Assigned task ▸ Return nothing but the lines from the one with "1、想必大家现在对于国考河南" through the one with "VA LOAN Assumption" in the data below, word for word and without pictures.

Available data ▸
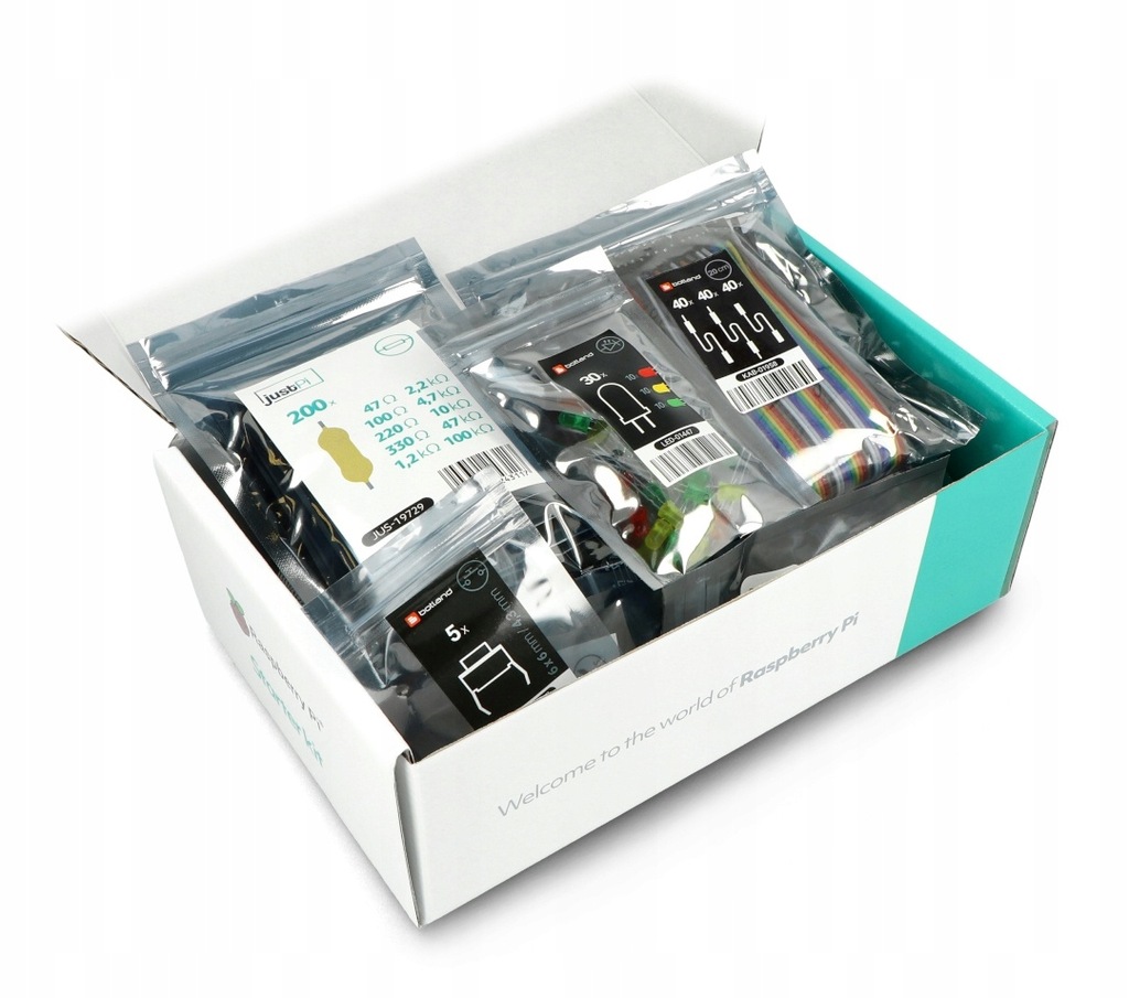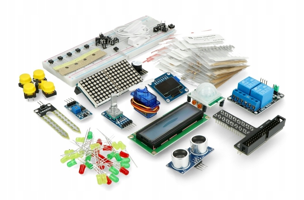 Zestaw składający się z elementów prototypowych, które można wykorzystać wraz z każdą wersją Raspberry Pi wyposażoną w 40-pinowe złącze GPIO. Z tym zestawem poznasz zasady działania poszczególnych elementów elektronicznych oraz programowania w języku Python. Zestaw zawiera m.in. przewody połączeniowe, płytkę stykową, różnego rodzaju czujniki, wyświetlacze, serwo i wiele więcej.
...
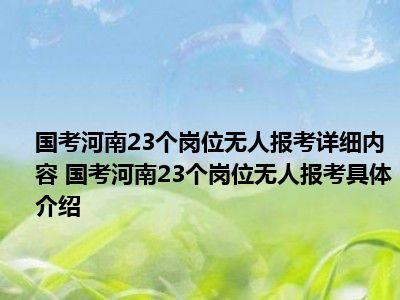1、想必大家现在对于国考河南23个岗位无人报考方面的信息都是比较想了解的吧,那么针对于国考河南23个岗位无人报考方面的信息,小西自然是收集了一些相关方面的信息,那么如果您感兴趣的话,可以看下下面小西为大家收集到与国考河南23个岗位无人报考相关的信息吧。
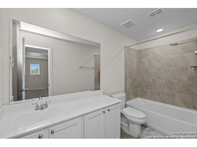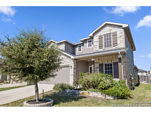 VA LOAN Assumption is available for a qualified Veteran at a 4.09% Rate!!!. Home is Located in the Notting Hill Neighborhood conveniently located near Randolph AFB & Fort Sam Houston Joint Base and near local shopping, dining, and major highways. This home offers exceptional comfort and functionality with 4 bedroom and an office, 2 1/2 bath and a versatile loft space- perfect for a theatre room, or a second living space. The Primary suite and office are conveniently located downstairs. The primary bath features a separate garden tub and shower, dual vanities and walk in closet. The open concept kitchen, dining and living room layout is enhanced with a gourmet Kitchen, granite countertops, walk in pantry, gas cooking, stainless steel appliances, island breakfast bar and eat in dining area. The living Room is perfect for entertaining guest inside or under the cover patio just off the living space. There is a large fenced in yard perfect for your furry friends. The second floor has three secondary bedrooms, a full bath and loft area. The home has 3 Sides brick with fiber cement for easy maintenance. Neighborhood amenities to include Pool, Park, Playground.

Task response ▸
1、想必大家现在对于国考河南23个岗位无人报考方面的信息都是比较想了解的吧,那么针对于国考河南23个岗位无人报考方面的信息,小西自然是收集了一些相关方面的信息,那么如果您感兴趣的话,可以看下下面小西为大家收集到与国考河南23个岗位无人报考相关的信息吧。
 VA LOAN Assumption is available for a qualified Veteran at a 4.09% Rate!!!. Home is Located in the Notting Hill Neighborhood conveniently located near Randolph AFB & Fort Sam Houston Joint Base and near local shopping, dining, and major highways. This home offers exceptional comfort and functionality with 4 bedroom and an office, 2 1/2 bath and a versatile loft space- perfect for a theatre room, or a second living space. The Primary suite and office are conveniently located downstairs. The primary bath features a separate garden tub and shower, dual vanities and walk in closet. The open concept kitchen, dining and living room layout is enhanced with a gourmet Kitchen, granite countertops, walk in pantry, gas cooking, stainless steel appliances, island breakfast bar and eat in dining area. The living Room is perfect for entertaining guest inside or under the cover patio just off the living space. There is a large fenced in yard perfect for your furry friends. The second floor has three secondary bedrooms, a full bath and loft area. The home has 3 Sides brick with fiber cement for easy maintenance. Neighborhood amenities to include Pool, Park, Playground.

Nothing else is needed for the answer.